Fer-1 treatment rescues iron overload‒induced ferroptosis in Trf-LKO mice. Hepatic non-heme iron (A), serum ALT (B), hepatic MDA (C), and hepatic thiol (D) levels were measured in HID-fed control mice and Trf-LKO mice treated with saline or Fer-1 (n = 3-6 mice/group). (E) Liver sections obtained from HID-fed control and Trf-LKO mice treated with saline or Fer-1 were stained with 4-HNE, Sirius Red, and Masson’s trichrome; the scale bars represent 100 μm. (F) Quantitative analyses for Sirius red and Masson’s trichrome staining in the indicated groups. (G) Hepatic mRNA levels of the fibrotic genes Col1a1 and PDGF were measured in the indicated groups. *P < .05, **P < .01, one-way analysis of variance with Tukey’s post hoc test. n.s., not significant.

Figure 4.

Loss of hepatic Slc39a14 protects against ferroptosis in Trf-LKO mice. (A) Hepatic non-heme iron was measured in control (Trf^fl/fl), Trf-LKO, and Trf/Slc39a14 double-knockout (DKO) mice fed an SID (n = 4 mice/group). (B) Representative images of Perls Prussian blue‒stained liver sections obtained from SID-fed control, Trf-LKO, and DKO mice; the scale bars represent 100 μm.

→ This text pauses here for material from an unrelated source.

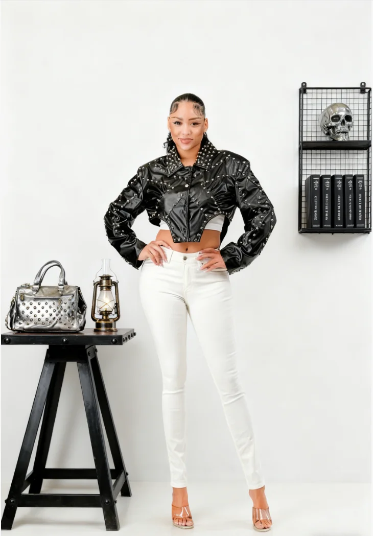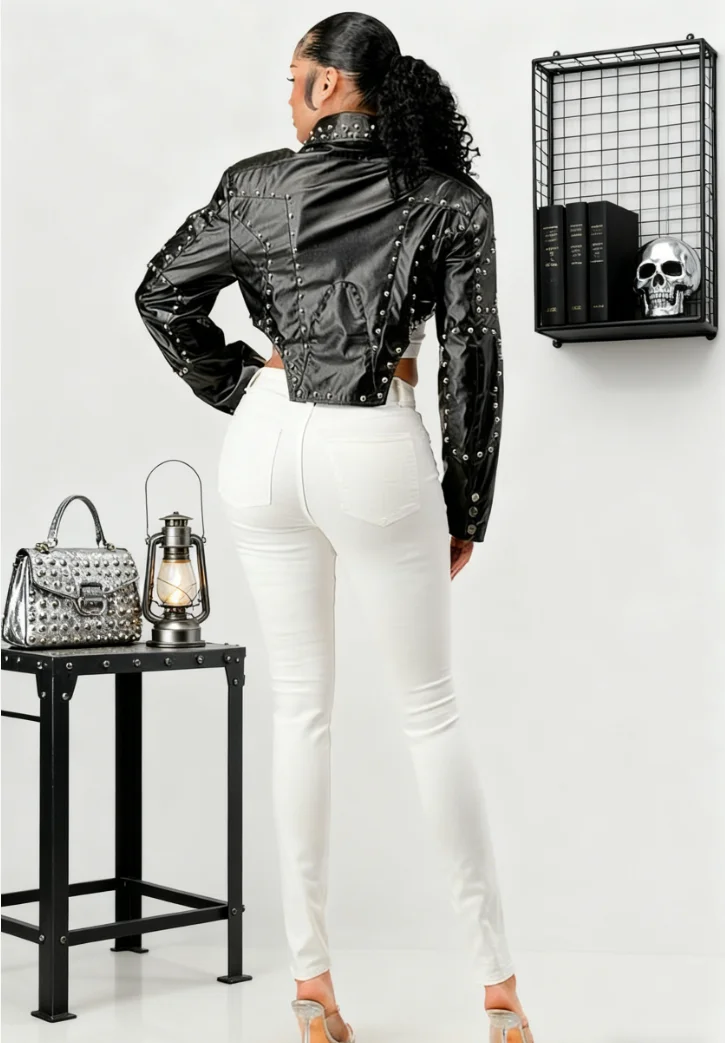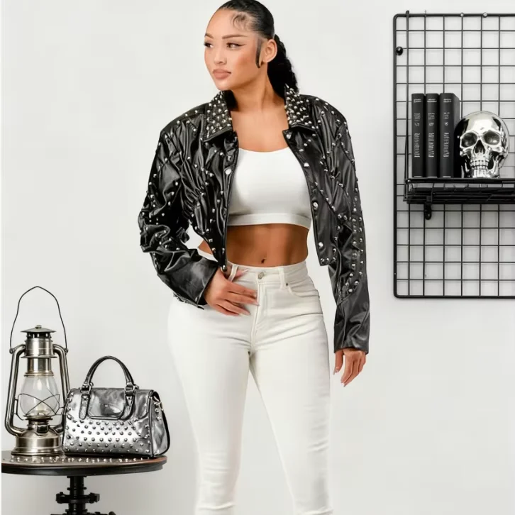 Women's Solid Short PU Leather Woven Jacket Rivet Design Button Decorations Y2K Style Autumn/Winter Fashion Spice Girls Inspired
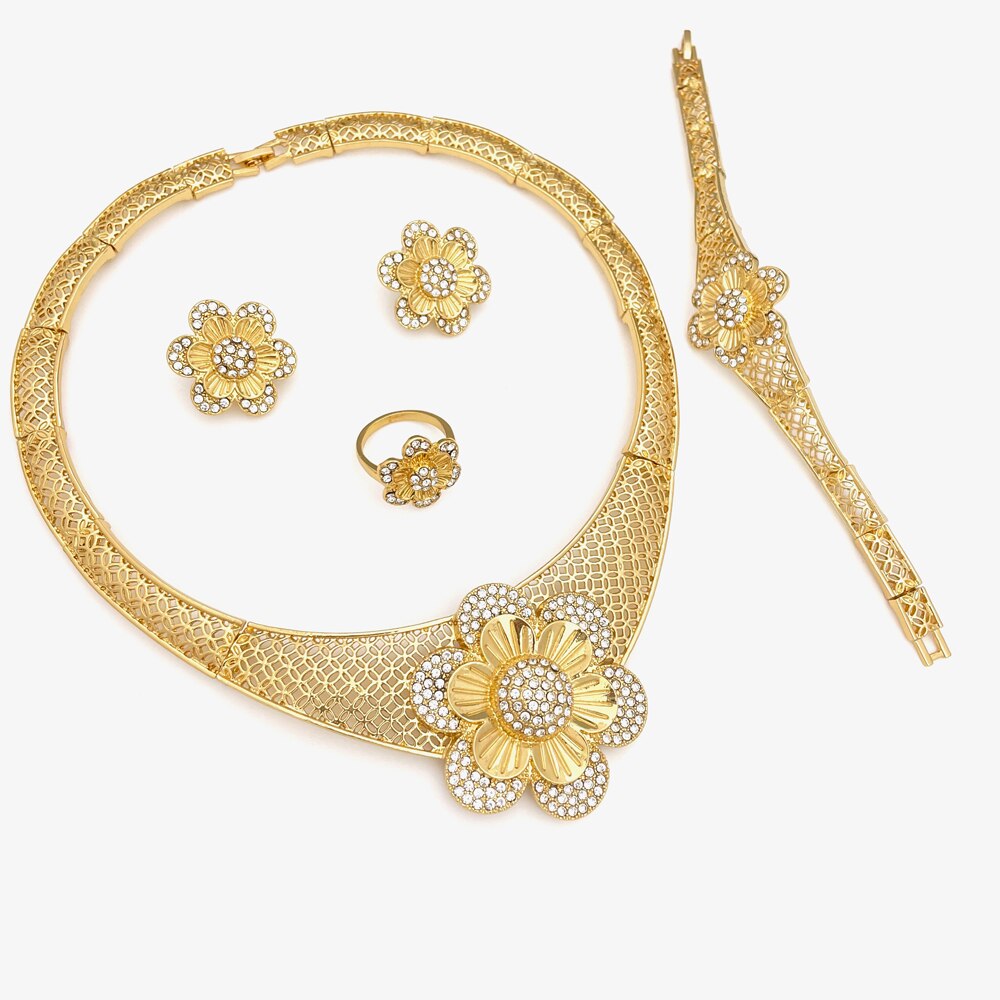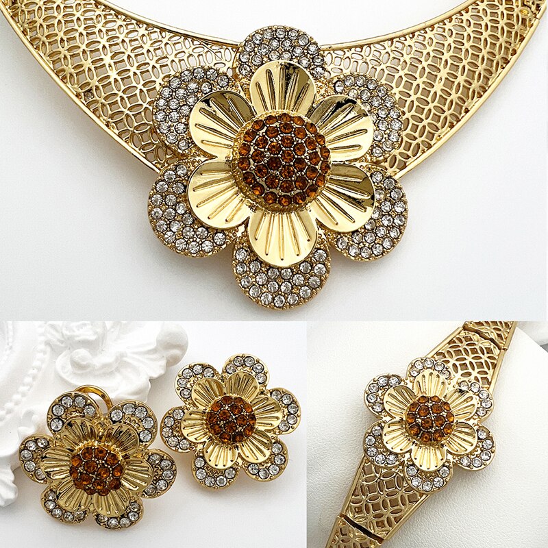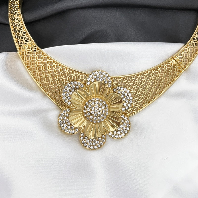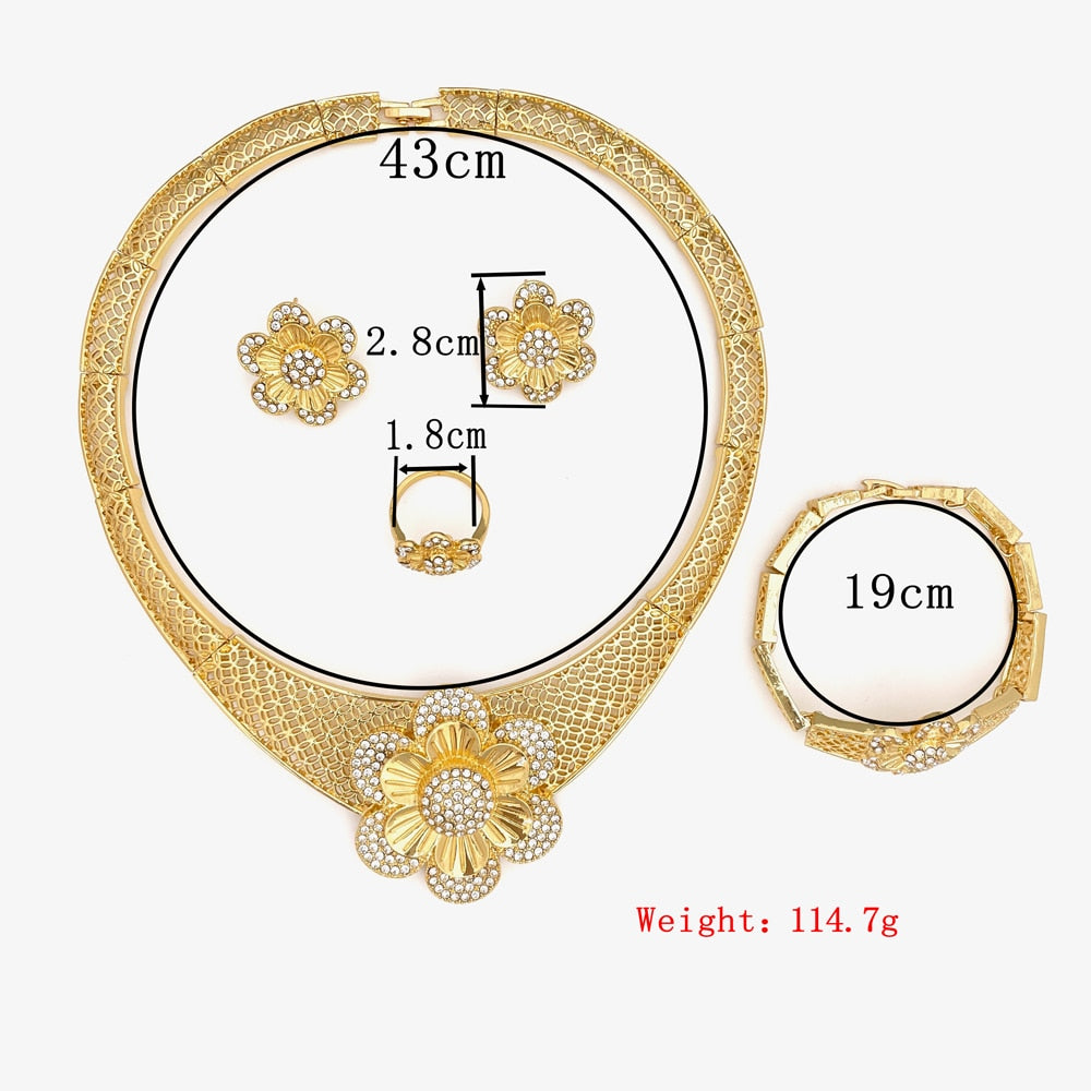 Dubai Gold Color Flower Shape Jewelry Set Inlays White Rhinestone Hollow Out Alloy Necklace Designs For Women Wedding Party Gift

Hepatic non-heme iron (C), thiol (D), and MDA (E) levels were measured in HID-fed control, Trf-LKO, and DKO mice (n = 4 mice/group). (F) Representative images of liver sections obtained from HID-fed control, Trf-LKO, and DKO mice and stained with Perls Prussian blue, 4-HNE, Sirius Red, and Masson’s trichrome; the scale bars represent 100 μm. *P < .05 and **P < .01, one-way analysis of variance with Tukey’s post hoc test.

Figure 5.

Both inhibiting ferroptosis and deleting hepatic Slc39a14 alleviates CCl₄-induced fibrosis in Trf-LKO mice. Control, Trf-LKO, and DKO mice were treated with vehicle (oil) or CCl₄, and liver sections were obtained and stained with Masson’s trichrome (A), Sirius Red (B), or 4-HNE (C); the scale bars represent 100 μm. Hepatic MDA (D) and non-heme iron (E) were measured in the indicated mice (n = 4-5 mice/group). *P < .05, **P < .01, one-way analysis of variance with Tukey’s post hoc test. n.s., not significant.

Figure 6.

Patients with liver cirrhosis have reduced serum Trf levels. (A) Trf was measured in serum samples obtained from 48 patients with cirrhosis and 52 healthy control subjects. (B-E) The indicated indices of liver fibrosis were measured in the serum of 48 patients with liver cirrhosis and are plotted against serum Trf concentration. The data in panel A were analyzed by using a Student t test; the data in panels B-E were analyzed by using Pearson’s correlation coefficient (r).

Figure 7.

Hepatic Trf, iron, MDA, and SLC39A14 levels in liver biopsy samples obtained from patients with liver cirrhosis and in Trf-LKO mice. Liver biopsy samples were obtained from 20 patients with liver cirrhosis and 20 control subjects who underwent resection for hepatocellular carcinoma. (A,B) Representative images of liver sections stained with Masson’s trichrome, Trf IHC, Perls Prussian blue, MDA IHC, and SLC39A14 IHC. (C) Quantitative analyses of Trf, MDA, and SLC39A14 staining of liver sections obtained from control and cirrhotic biopsy samples. (D) Representative images of murine liver sections stained with Slc39a14 obtained from 12-week-old SID-fed and HID-fed control mice and Trf-LKO mice. The scale bars represent 100 μm. (E) Quantitative analyses of hepatic Slc39a14 staining from 12-week-old SID-fed and HID-fed control mice and Trf-LKO mice. *P < .05, **P < .01, Student t test.